The vertical distribution of the diagenetic facies in a single well shows that the study area mainly develops dissolution facies, carbonate cementation facies, and dissolution facies, whereas quartz cementation facies and clay mineral-filling facies are less developed. Comparing the predicted diagenetic facies types with the corresponding depth of thin sections and SEM images, the predicted results have a high coincidence rate, which indicates that the model has a certain guiding significance for the accurate identification of diagenetic facies in tight oil reservoirs (Figure 13). From the conclusion of comprehensive logging interpretation, it can be seen that the dissolution facies develop in the interval whose mineral composition is mainly quartz and feldspar, as well as the interval with nuclear magnetic resonance (NMR) porosity and measured porosity, which has a high oil saturation value and is a favorable interval for reservoir development. Minerals are mainly composed of carbonate rocks because the cementation of carbonate rocks has a great influence on reservoir porosity; thus, the NMR porosity and the measured porosity of the reservoirs are both small and the oil saturation value is relatively low. Therefore, the reservoir physical properties corresponding to carbonate cementation facies-developed layers are the worst. Because of compaction, the NMR porosity is smaller than the measured porosity, and the oil content is poor. The physical properties of the reservoirs corresponding to the interval where quartz cementation facies and clay mineral-filling facies are developed are poor.

6. Conclusions

(1) Based on core analysis data, casting thin section observations, SEM analysis, and other data from the study area, diagenetic facies were divided and named according to the principle of mineral and diagenesis type, and can be classified into five diagenetic facies: tightly compacted facies, carbonate-cemented facies, clay mineral-filling facies, quartz-cemented facies, and dissolution facies.
(2) The selected GR, AC, DEN, RT, and CNL were sensitive to diagenetic facies, and were used to summarize the logging response characteristics of different types of diagenetic facies and to establish a diagenetic facies logging database.
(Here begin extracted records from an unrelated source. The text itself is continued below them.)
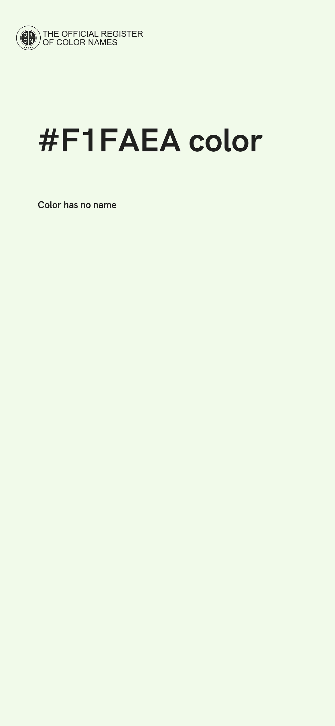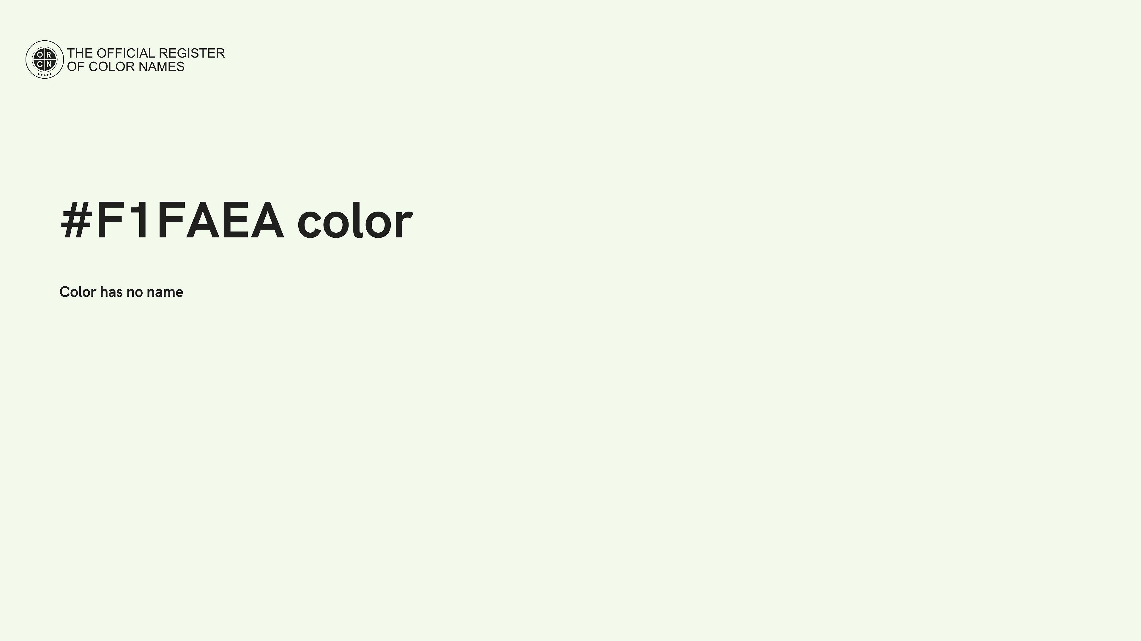 The digital color HEX #F1FAEA belongs to the Chartreuse Color Family featuring High Saturation (Saturation Family) and Luminous (Brightness Family).
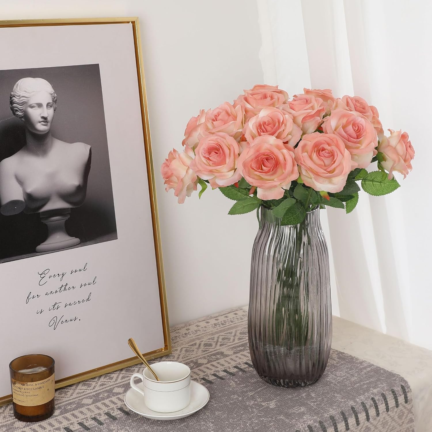 Pink Fake Roses Artificial Flowers - 10 Pcs Fake Artificial Roses Silk Flowers with Stems for Home Wedding Hotel Office Centerpiece Decor(Gradient Pink)
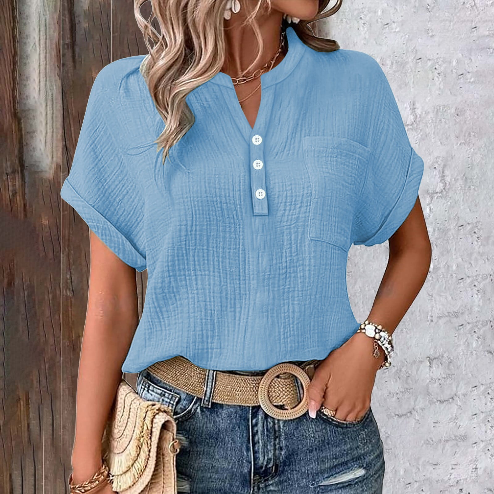 Batwing Sleeve Casual Work Tops Double Layer Wrinkled Fabric Pocket
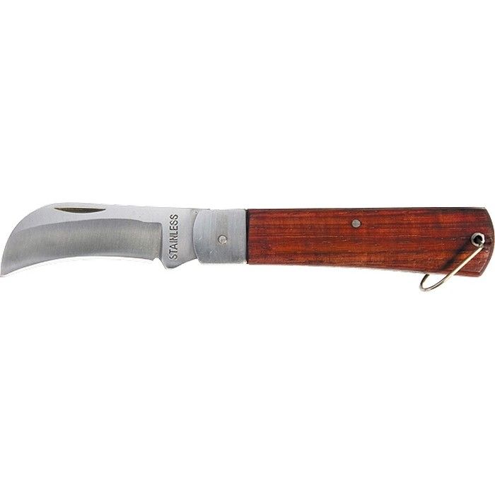 Складной нож Sparta 78999 с загнутым лезвием и деревянной ручкой эффективно справляется с резкой резиновых, кожаных, картонных изделий и напольных покрытий. За счет своей универсальности он будет полезен профессиональным и частным мастерам, туристам, любителям отдыха на природе. ПреимуществаОстрозаточенное лезвие из нержавеющей высококачественной стали 3Hr13 обладает высокой износостойкостью и прочностью. Деревянная ручка не скользит в руке и приятна по тактильным ощущениям, поэтому с ножом комфортно работать. Складной нож весом 133 г удобен в использовании и транспортировке.
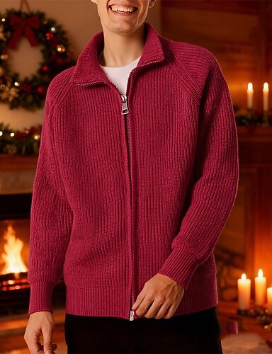 Herren Weihnachtspullover Strickjacke Kurzer Pullover Reißverschluss-Pullover Strickpullover Gerippt Stricken Normale Oberteile Tasche Vollreißverschluss Einfach Stehkragen Weihnachten Mode Urlaub

The convolution neural network model was introduced to build a logging identification model of diagenetic facies in the study area.
(3) On the basis of constructing the convolution neural network diagenetic facies model, taking Well J174 as an example, the diagenetic facies of this well were identified and divided, and the accuracy of the diagenetic facies prediction model was evaluated. The prediction results of the diagenetic facies were in good agreement with the microscopic observation results, and different types of diagenetic facies can be developed in different intervals. Combined with the relevant physical property analysis data, it shows that the intervals with poor reservoir physical properties and poor oil content in the study area were related to carbonate cementation facies, compacted tight diagenesis facies, quartz cementation facies and clay mineral-filling facies. The dissolution of unstable components corresponded to the main high-quality reservoirs and oil-bearing reservoirs of tight oil reservoirs in the study area, and the dominant diagenetic facies belt in the study area was also a favorable interval for finding the dominant reservoirs in the following stage.

Author Contributions

Conceptualization, M.Q.; funding acquisition, C.H.; methodology, C.H., C.M., G.L. (Geng Liu) and X.H.; software, G.L. (Geng Liu) and X.H.; supervision, C.H. and C.M.; validation, G.L. (Guan Li); writing—original draft, M.Q., Y.Y., R.S. and X.C.; writing—review and editing, M.Q., C.H., C.M., Y.Y., R.S. and X.C. All authors were informed about each step of the manuscript process, including submission, revision, revision reminder, etc., via emails from our system or the assigned Assistant Editor. All authors have read and agreed to the published version of the manuscript.

Funding

This work was jointly supported by the Natural Science Foundation of Xinjiang Uygur Autonomous Region (Grant No. 2020D01C037), the National Natural Science Foundation of China (Grant No. 42062010), the Opening Fund of Key Laboratory of Deep Oil and Gas (20CX02114A) and the Tianshan Innovation Team Program (2020D14023).

Acknowledgments

We are grateful to the anonymous reviewers for their insightful and constructive comments for improving the manuscript.

Conflicts of Interest

The authors declare no conflict of interest.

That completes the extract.